The musicians were hand-selected by King Camel’s Jeff Brown who has become well-known in the Dallas music scene for finding the freshest local talent and giving them a space to perform–most often at his free Locked & Loaded Music Series every Saturday night at Armoury D.E.
Reaching into his database of local talent, Brown teamed up artist that had never worked on music together as a kind of musical experiment, and for the last two months, these musicians got together weekly to hone their vision of their assigned film
5th Element, 12 Monkeys, Alien, Blade Runner and Terminator were all given the multimedia treatment for this one-time only event, and the results of two-months of labor and love came together as a well-wrought spectacle challenging eyes and ears in a completely different kind of concert experience.
Things kicked off with Team 5th Element, who according to Party Static’s Brett Michael decided to call their band “Boron”–the chemical element with the atomic number of five. The music began as a kind of ethereal intro with clips from the film echoing the dissonant sounds and quickly descended into a kind of alt-electric chaos with Sealion’s Sam Villavert giving the whole thing a vibe not unlike The Breeders with an electronic back provided by Squanto’s Rickey Kinney.
Visual artist Chloe Stan provided imagery filled with blood and aggression for Team 12 Monkeys who performed what Loafers guitarist Taylor Smith described as a “Circus Groovecore” take on the film. Though before the show Stan said, “It’s the first ever big project I’ve ever worked on. So I’m pretty nervous,” by the end of the night she felt that everything synced up well and she was pleased with the results.
Taking the award for most original performance of the night, Team Alien saw Stephanie Burns of Lizzie Boredom wearing a Ripley jumpsuit and Jim Branstetter of Schmeckelhead running visuals and playing his handcrafted string instruments from the back of the venue.
The lyrics Burns provided were sparse yet powerful, Burns stating that they all came from Ripley’s lines in the film. And what Branstetter provided playing the strings with bows, mallets, and a even a vibrator sent the intense performance into the darkest regions of outer space.
Things got mellow with Team Blade Runner, who chose to turn their 25-minute set into a single-song, instrumental performance with Evan Henry matching the jazz-influenced production with a kind of improvisational visual experience created with complex patching using an LZX video synthesizer system.
Team Terminator was the absolute best choice for closing out the show with all the discordant energy of the film itself.
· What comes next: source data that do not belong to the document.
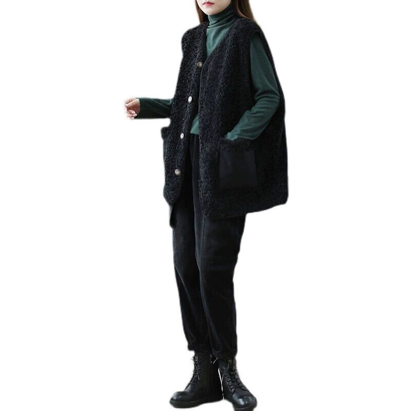クリアランスクリアランス婦人服レトロな大きなポケット V ネック肥厚ベストベスト緩いチョッキラムウールコート Vネック sine80625801637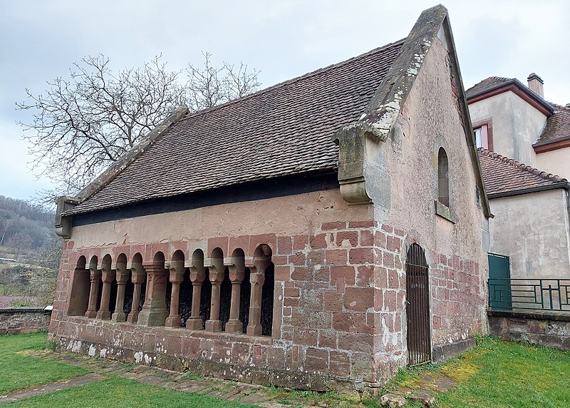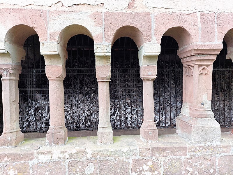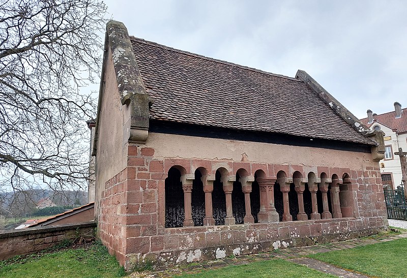 L'ossuaire, de style roman, se trouve dans le cimetière de Schorbach, en Moselle, entourant encore l'église paroissiale Saint-Rémi. Son datation varie selon les auteurs : certains le situent au XIIe siècle, d'autres au XVe siècle. Il présente l'aspect d'une châsse flanquée de colonnes, toutes différentes, et serait né de l'exiguïté du cimetière ; des ossements y furent déposés de 1136 jusqu'à la Révolution française, voire au XIXe siècle. Une arcature de onze arcs en plein cintre orne l'édifice ; elle est soutenue par des colonnes reposant sur un mur-bahut à deux assises. Le pilier central, de plan quadrangulaire, est décoré de trilobes. Sur l'entrave de la cinquième colonne et sur la courbe concave du dernier arc figurent deux visages grotesques, vraisemblablement des têtes de mort. Après une restauration au début du XXe siècle, l'ossuaire a perdu le pan-de-bois de ses pignons et les demi-croupes de sa toiture. Il est classé monument historique depuis 1929.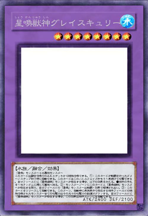 | 「星喚」モンスター+水属性モンスター このカードは融合召喚でのみEXデッキから特殊召喚できる。①:このカードが戦闘を行ったダメージステップ終了時に発動できる。このカードはこのバトルフェイズ中もう1度続けて攻撃できる。自分フィールドに「星喚術師」モンスターが存在する場合、以下の効果を加える。●相手の手札を1枚ランダムに選んで墓地へ送る。②:モンスターゾーンにこのカードと「星喚術師」モンスターが存在する限り、自分フィールドの「星喚」モンスターは戦闘・効果で破壊されない。③:このカードをリリースして発動できる。このターン、発動時に表側表示で存在する相手フィールドの特殊召喚されたモンスター全ての攻撃力はその元々の攻撃力の数値分ダウンする。自分フィールドに「星喚術師」モンスターが存在する場合、この効果は相手ターンにも発動できる。 | |||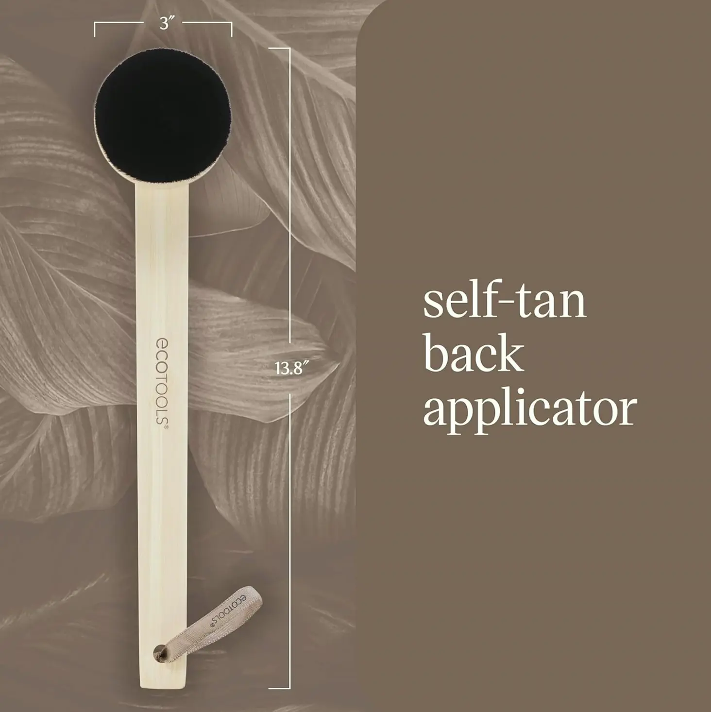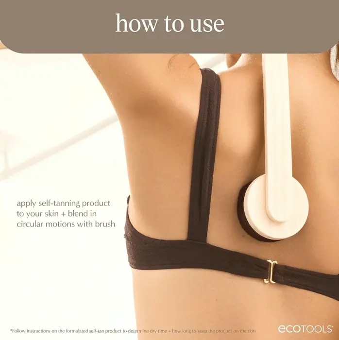 The self-tan back brush ensures smooth, mess-free tanner application. Its long, curved handle reaches difficult spots. Ideal for tanning products, and compatible with bristle brush applicator, promoting smooth blending. Made from renewable materials – EcoTools offers planet-friendly sunless solutions. Vegan and Cruelty-Free, with recyclable packaging.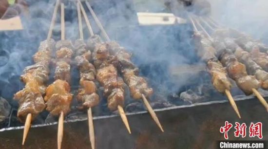 活動(dòng)現(xiàn)場(chǎng),多種新鮮食材在炭火的炙烤下散發(fā)出陣陣香氣。除了傳統(tǒng)的烤肉串之外,還有烤全羊、烤河蚌、烤鯽魚等菜品。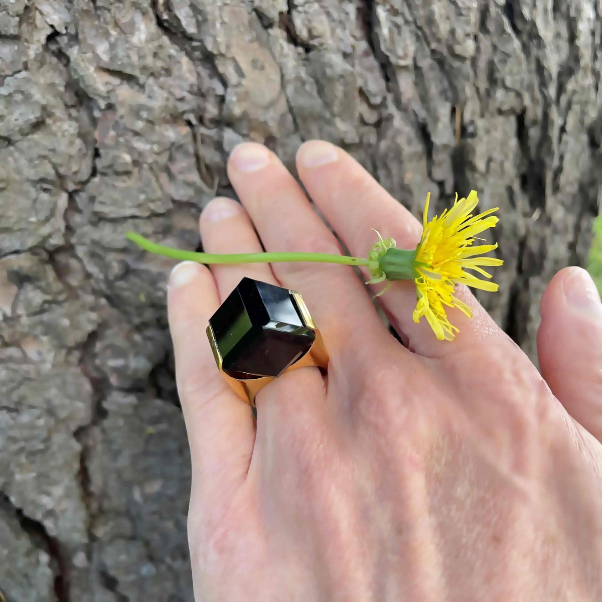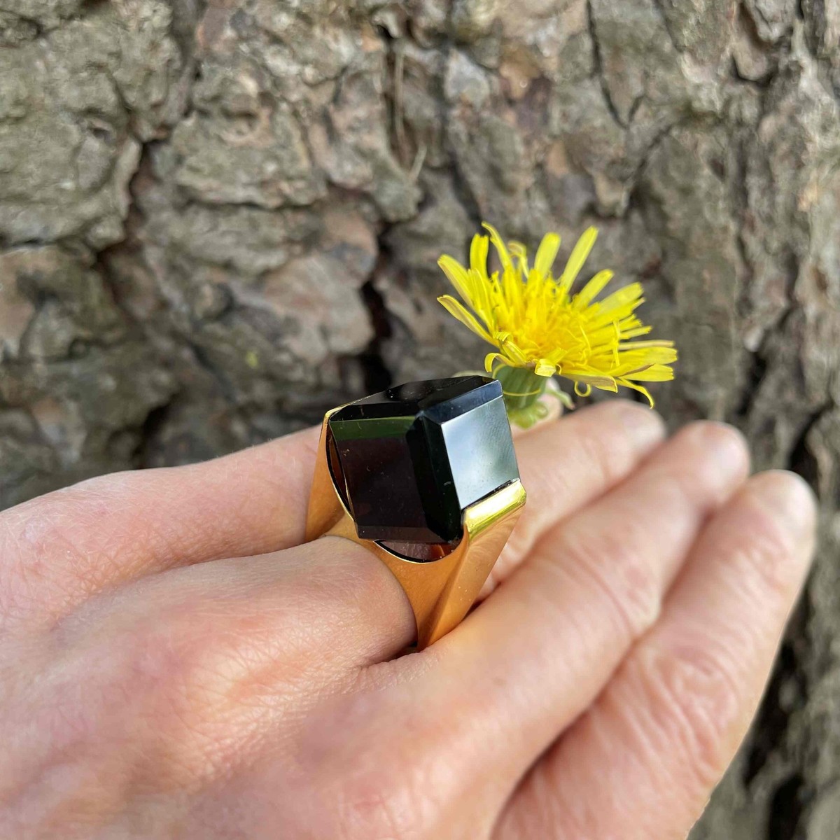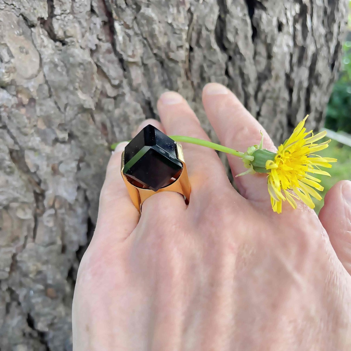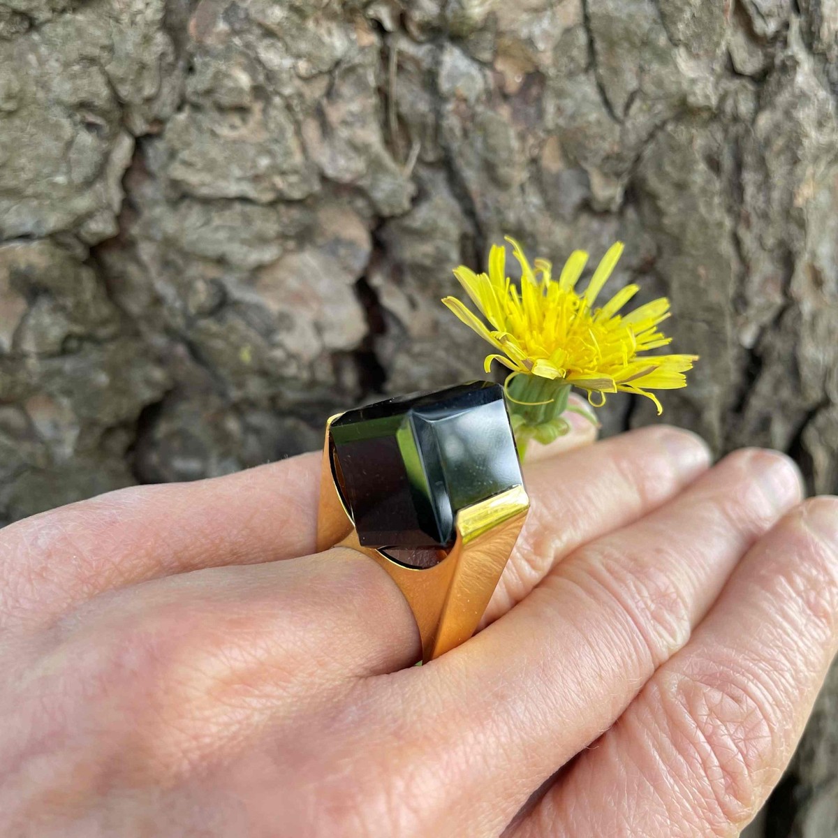 Here we have a seriously cool natural smoky quartz cube ring circa 1970 crafted in gold plated sterling silver.

As the night went on, whispers circled from sources close to the band that we were all in for something that sounded like Fugazi, and the band did not disappoint those expectations.
With Sealion’s Hunter Moehring, Upsetting’s Kevin Adkins and Fogg’s Brandon Hoffman all trading vocal duties and shredding along to Dead Mockingbird’s Matthew Crain’s pulse-thumping drums, the performance exploded like a pipe bomb. And though these were only one-off performances, the chemistry seen on stage can only make one hope that a future project may come from this collaboration.
Looking back at what had been accomplished that night, Jeff Brown simply called the spectacle “mind blowing.” This is the second concept show of this kind that Brown has put together (the first one based on characters from Twin Peaks).
Seeing the success of these two concept shows, we can expect more to come, but what the concept will be remains to be seen. Whatever the concept, one can be sure that when sound and vision come together like this, it will not be something to miss.